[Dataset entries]
┌────────
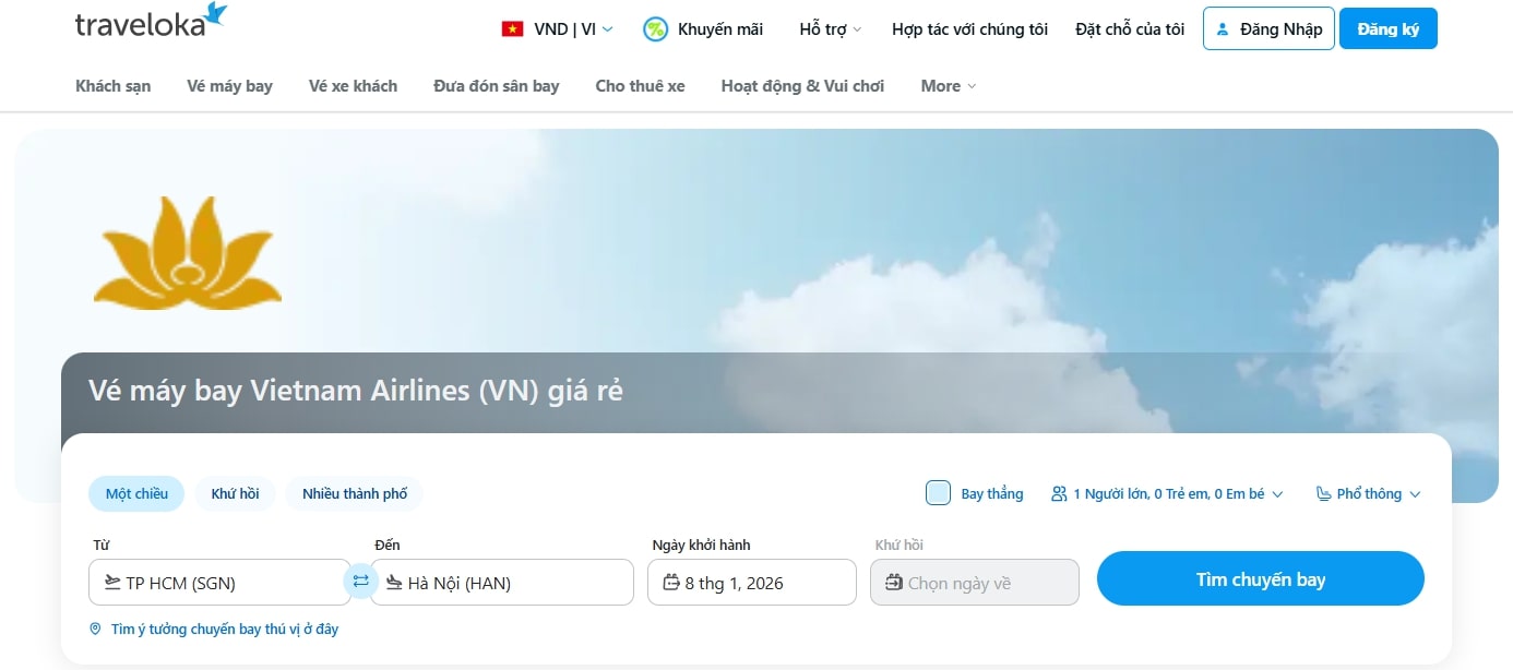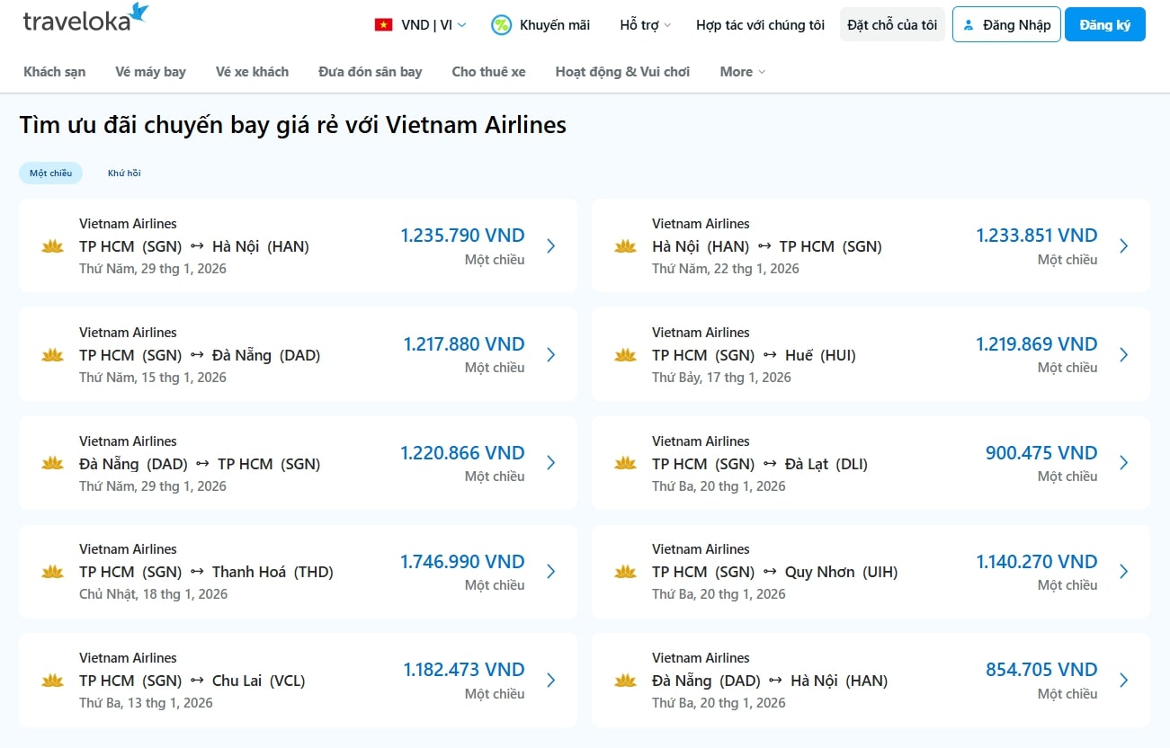 Với mạng đường bay rộng, dịch vụ ổn định và nhiều khung giờ linh hoạt, Vietnam Airlines sở hữu nhiều chặng bay nổi bật đáp ứng tốt cả nhu cầu công tác lẫn du lịch. Từ các trục bay nội địa sôi động đến những đường bay quốc tế dài ngày, hãng luôn là lựa chọn đáng tin cậy của nhiều hành khách. Để tối ưu chi phí và dễ dàng lựa chọn chuyến bay phù hợp, việc theo dõi và đặt vé thông qua Traveloka sẽ giúp bạn tiết kiệm thời gian, chủ động ngân sách và có hành trình suôn sẻ hơn ngay từ khâu chuẩn bị.
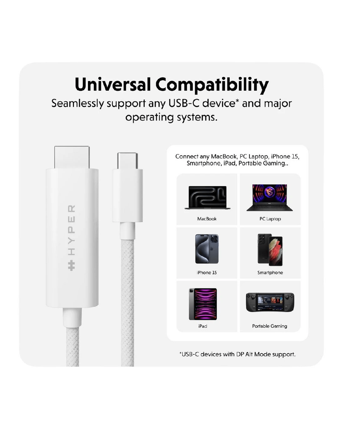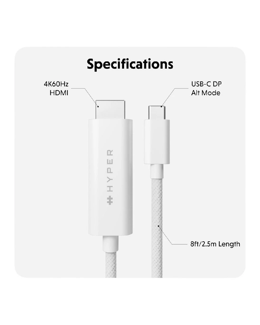 Sold by OfficeworksHyperDrive USB-C to HDMI 4K60Hz Cable 2.5m White
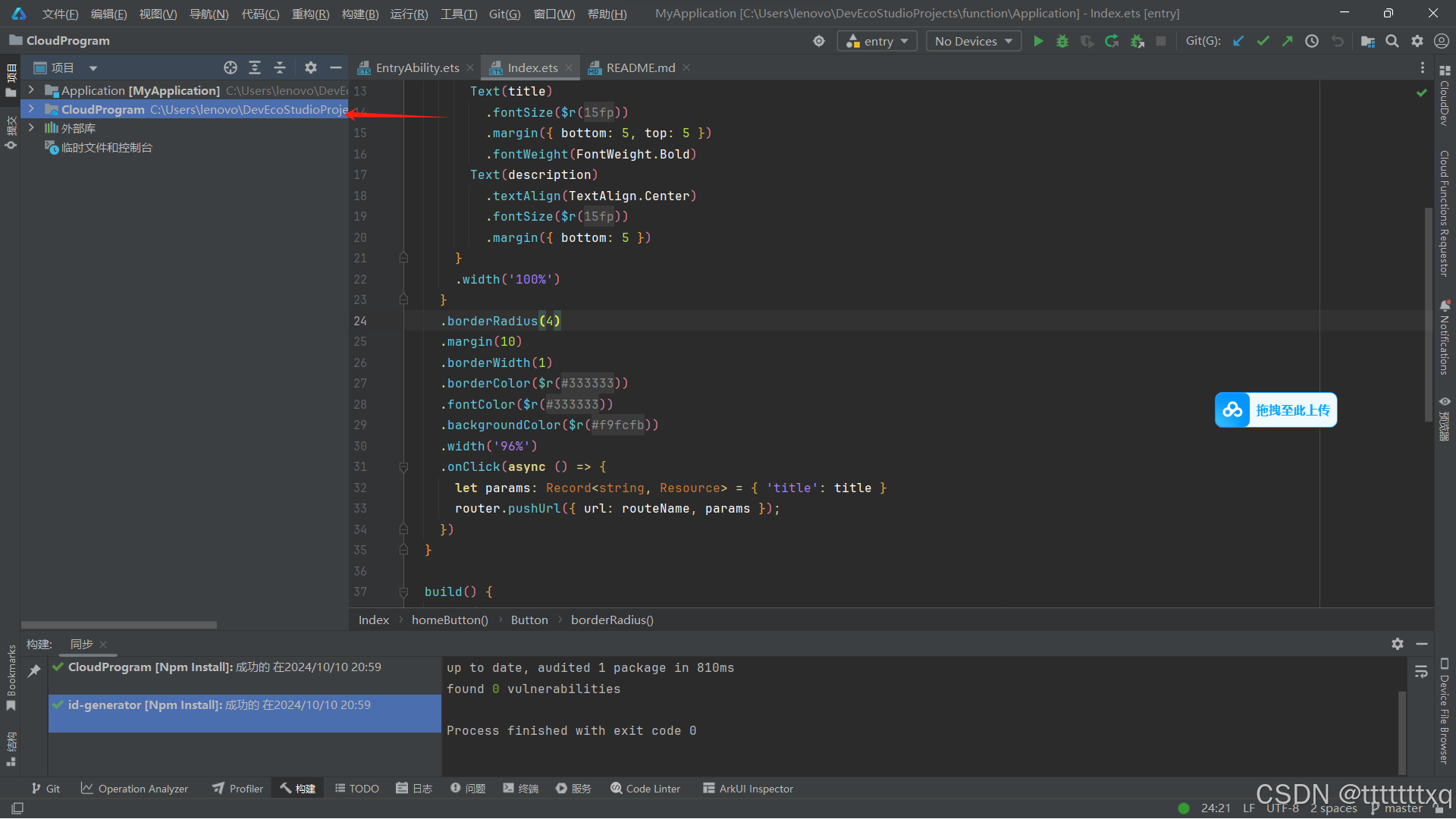鸿蒙端云一体化报错 最近学习鸿蒙端云一体化,在第一步就出错了,正常的项目如下图,但是我的是没有图中这个标着的部分,也就是云侧,但是在文件管理器中是有的,也就是说DevEco Studio把我的工程当成纯端侧工程。
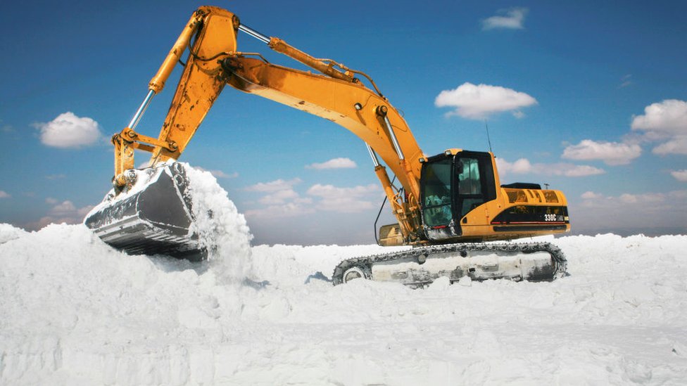 Radnici prvo buše rupe, ispumpavajući slanu vodu iz bunara duboko ispod kore soli i odlažu je u bazene za isparavanje.
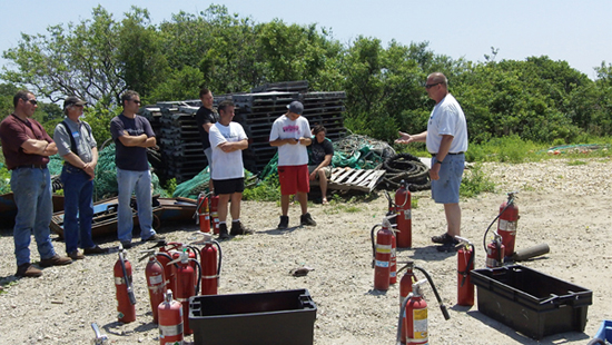 Fishermen learned life-saving tips about fire fighting. In a situation where there's an uncontrollable fire, they were instructed to notify Coast Guard and nearby vessels. Photo by Paul C. Focazio, NYSG.
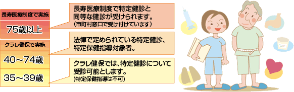 | ● | 上記のとおり各保険者(健康保険組合等)が健診の実施義務を負うことになったため、各市町村で実施されていた基本健康診査(住民健診)は、国民健康保険の加入者のみが受診することとなります。 |
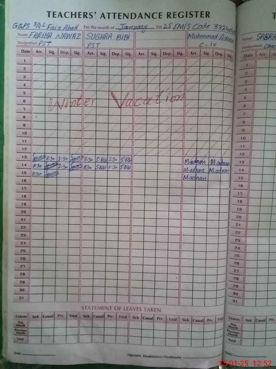 | 33**** | Su**** Bi**** | PST | Regular | 0 | 0 | 0 | 0 | 0 | 0 | 0 | 0 | 0 | Absent (Un-Authorized) |
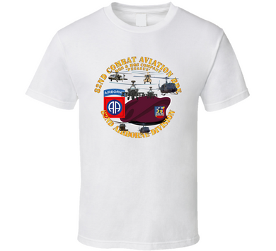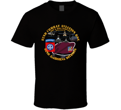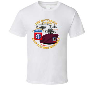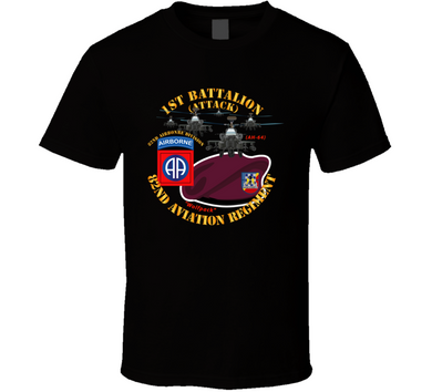Army - 1st Bn 82nd Avn Regiment - Maroon Beret W Atk Helicopters T Shirt
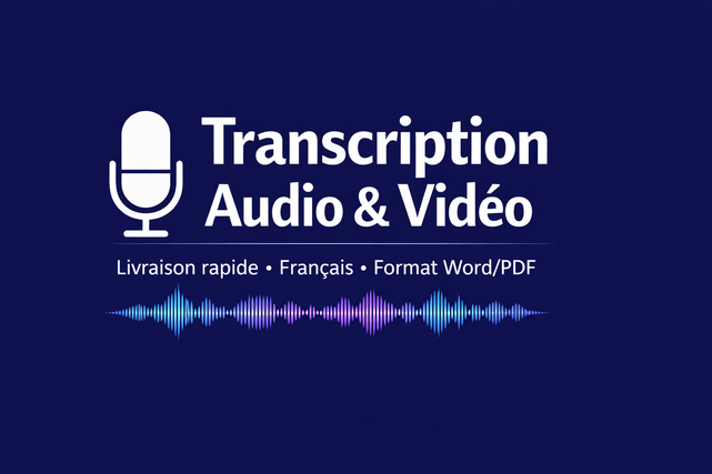Bonjour ! Je suis transcripteur freelance, francophone, disponible pour retranscrire vos fichiers audio et vidéo en texte clair et soigné. Je suis rigoureux, attentif aux détails et je prends le temps de relire chaque transcription avant de la livrer. La confidentialité de vos fichiers est pour moi une priorité absolue. Que vous soyez podcasteur, entrepreneur, étudiant, avocat ou professionnel de santé, je m'adapte à vos besoins et je communique clairement à chaque étape. Disponible rapidement, je réponds à tous les messages en moins d'une heure. N'hésitez pas à me contacter, je serai ravi de vous aider ! 😊
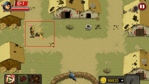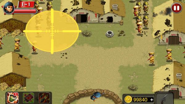 按照鬼子所在方向长按屏幕,便会触发连续的子弹攻击,右侧的枪图标可用于切换武器。
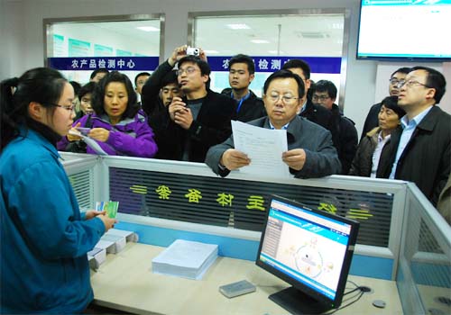 在位于无锡朝阳农产品大市场的蔬菜备案中心,常司长一行仔细查验了蔬菜经营者注册备案流程。完美入口总经理杨兴德向督查组汇报了完美入口依托农产品大市场,并结合本溯源项目,投入大量的人力、资金,切实开展农产品电子化交易结算,认真实施农贸市场溯源节点管理,在批发市场、农贸市场、连锁超市农产品追溯等方面均取得了显著的成效。
└────────
> [TASK ITEM]:
Leave out the pictures and print each record exactly as it stands.

> [WRITTEN RESPONSE]:
 Với mạng đường bay rộng, dịch vụ ổn định và nhiều khung giờ linh hoạt, Vietnam Airlines sở hữu nhiều chặng bay nổi bật đáp ứng tốt cả nhu cầu công tác lẫn du lịch. Từ các trục bay nội địa sôi động đến những đường bay quốc tế dài ngày, hãng luôn là lựa chọn đáng tin cậy của nhiều hành khách. Để tối ưu chi phí và dễ dàng lựa chọn chuyến bay phù hợp, việc theo dõi và đặt vé thông qua Traveloka sẽ giúp bạn tiết kiệm thời gian, chủ động ngân sách và có hành trình suôn sẻ hơn ngay từ khâu chuẩn bị.
 Sold by OfficeworksHyperDrive USB-C to HDMI 4K60Hz Cable 2.5m White
鸿蒙端云一体化报错 最近学习鸿蒙端云一体化,在第一步就出错了,正常的项目如下图,但是我的是没有图中这个标着的部分,也就是云侧,但是在文件管理器中是有的,也就是说DevEco Studio把我的工程当成纯端侧工程。
 Radnici prvo buše rupe, ispumpavajući slanu vodu iz bunara duboko ispod kore soli i odlažu je u bazene za isparavanje.
 Fishermen learned life-saving tips about fire fighting. In a situation where there's an uncontrollable fire, they were instructed to notify Coast Guard and nearby vessels. Photo by Paul C. Focazio, NYSG.
 | ● | 上記のとおり各保険者(健康保険組合等)が健診の実施義務を負うことになったため、各市町村で実施されていた基本健康診査(住民健診)は、国民健康保険の加入者のみが受診することとなります。 |
 | 33**** | Su**** Bi**** | PST | Regular | 0 | 0 | 0 | 0 | 0 | 0 | 0 | 0 | 0 | Absent (Un-Authorized) |
Army - 1st Bn 82nd Avn Regiment - Maroon Beret W Atk Helicopters T Shirt
Bonjour ! Je suis transcripteur freelance, francophone, disponible pour retranscrire vos fichiers audio et vidéo en texte clair et soigné. Je suis rigoureux, attentif aux détails et je prends le temps de relire chaque transcription avant de la livrer. La confidentialité de vos fichiers est pour moi une priorité absolue. Que vous soyez podcasteur, entrepreneur, étudiant, avocat ou professionnel de santé, je m'adapte à vos besoins et je communique clairement à chaque étape. Disponible rapidement, je réponds à tous les messages en moins d'une heure. N'hésitez pas à me contacter, je serai ravi de vous aider ! 😊
 按照鬼子所在方向长按屏幕,便会触发连续的子弹攻击,右侧的枪图标可用于切换武器。
 在位于无锡朝阳农产品大市场的蔬菜备案中心,常司长一行仔细查验了蔬菜经营者注册备案流程。完美入口总经理杨兴德向督查组汇报了完美入口依托农产品大市场,并结合本溯源项目,投入大量的人力、资金,切实开展农产品电子化交易结算,认真实施农贸市场溯源节点管理,在批发市场、农贸市场、连锁超市农产品追溯等方面均取得了显著的成效。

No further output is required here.